Conventional antidepressant drugs elevate the availability of monoamine neurotransmitters. However, these pharmacological therapies have limited efficacy and a slow onset of action as main limitations. New glutamatergic drugs such as ketamine have shown promise as a rapid-acting antidepressant drugs although with adverse effects. The mechanism of action of ketamine is hypothesized to involve a dis-inhibition of cortical pyramidal neurons produced by an stimulation of AMPA receptors by glutamate. In this context, low-impact positive allosteric modulators of the AMPA receptors (a.k.a. ampakines) have been regarded as potential antidepressant drugs.

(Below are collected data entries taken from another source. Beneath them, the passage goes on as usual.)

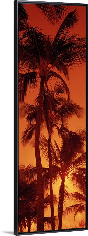 <p>Giant, vertical photograph looking up at a row of tall palm trees against a fiery sunset at Kalapaki Beach, in Kauai, Hawaii.</p>
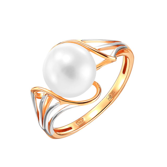 Кольцо из белого золота с бриллиантами и жемчугом (021201)
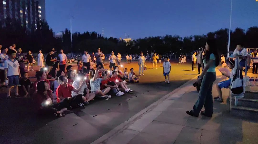 在比拼休息中,艺术团的赵雪娜和雷雨晨还献上了歌唱表演,大家都不约而同地打开手电筒汇聚成点点星光,整个过程其乐融融。活动在大家高声齐唱《内蒙古农业大学校歌》结束。
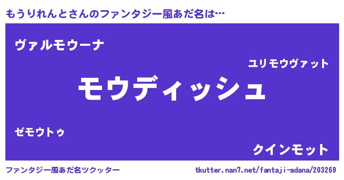 | 欧米人風あだ名 | 『アンジェラ・もうりれんと』 |
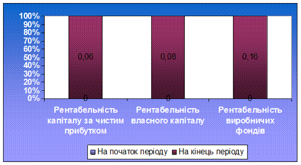 Рентабельність власного капіталу має відємне значення, що говорить про нефективну діяльність підприємства. Рентабельність виробничих фондів: показує скільки чистого прибутку припадає на 1-цю вартості виробничих фондів. Нормативне значення: збільшення.
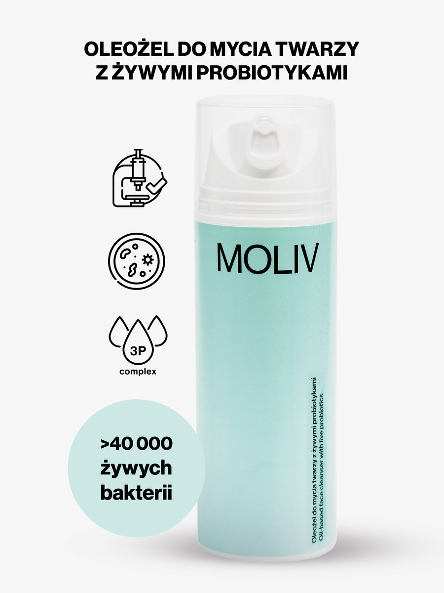 Unikalna, olejowa konsystencja oleożelu MOLIV w kontakcie z wodą tworzy delikatną, białą emulsję, która efektywnie zmywa zanieczyszczenia oraz nadmiar sebum, nie pozostawiając uczucia ściągniętej skóry. Produkt jest pierwszym w Polsce środkiem do mycia twarzy zawierającym żywe bakterie probiotyczne, co sprawia, że jest pionierem w pielęgnacji skóry z probiotykami.

Here, we have examined the behavioral, biochemical, and molecular effects of a low-impact ampakine, CX717. Our results show that CX717 has a rapid (30 min) but short-lasting (up to 24 h) antidepressant-like effect in the forced swim test. Intra-cortical infusion of CX717 increases the efflux of noradrenaline, dopamine, and serotonin, but not glutamate. However, systemic CX717 does not alter these neurotransmitters. CX717 also produced a rapid (up to 1 h) increase of brain-derived neurotrophic factor (BDNF) and a more sustained (up to 6 h) increase of p11. Overall, CX717 appears to possess a rapid but not sustained antidepressant action possibly caused by rapid increases of BDNF and p11.

传统的抗抑郁药物提高了单胺类神经递质的可用性。然而，这些药物疗法的主要限制是疗效有限和起效缓慢。新的谷氨酸能药物，如氯胺酮，已显示出作为速效抗抑郁药物的前景，尽管有副作用。据推测，氯胺酮的作用机制涉及对由谷氨酸刺激 AMPA 受体产生的皮质锥体神经元的去抑制作用。在这种情况下，AMPA 受体（又名安帕金斯）的低影响正变构调节剂被认为是潜在的抗抑郁药物。在这里，我们检查了低影响安帕金 CX717 的行为、生化和分子效应。我们的结果表明，CX717 在强迫游泳测试中具有快速（30 分钟）但持续时间短（长达 24 小时）的抗抑郁样作用。皮质内输注 CX717 会增加去甲肾上腺素、多巴胺和血清素的流出，但不会增加谷氨酸的流出。然而，全身性 CX717 不会改变这些神经递质。CX717 还产生了脑源性神经营养因子 (BDNF) 的快速（最多 1 小时）增加和 p11 更持续（最多 6 小时）的增加。总体而言，CX717 似乎具有快速但不持久的抗抑郁作用，这可能是由 BDNF 和 p11 的快速增加引起的。CX717 还产生了脑源性神经营养因子 (BDNF) 的快速（最多 1 小时）增加和 p11 更持续（最多 6 小时）的增加。总体而言，CX717 似乎具有快速但不持久的抗抑郁作用，这可能是由 BDNF 和 p11 的快速增加引起的。CX717 还产生了脑源性神经营养因子 (BDNF) 的快速（最多 1 小时）增加和 p11 更持续（最多 6 小时）的增加。总体而言，CX717 似乎具有快速但不持久的抗抑郁作用，这可能是由 BDNF 和 p11 的快速增加引起的。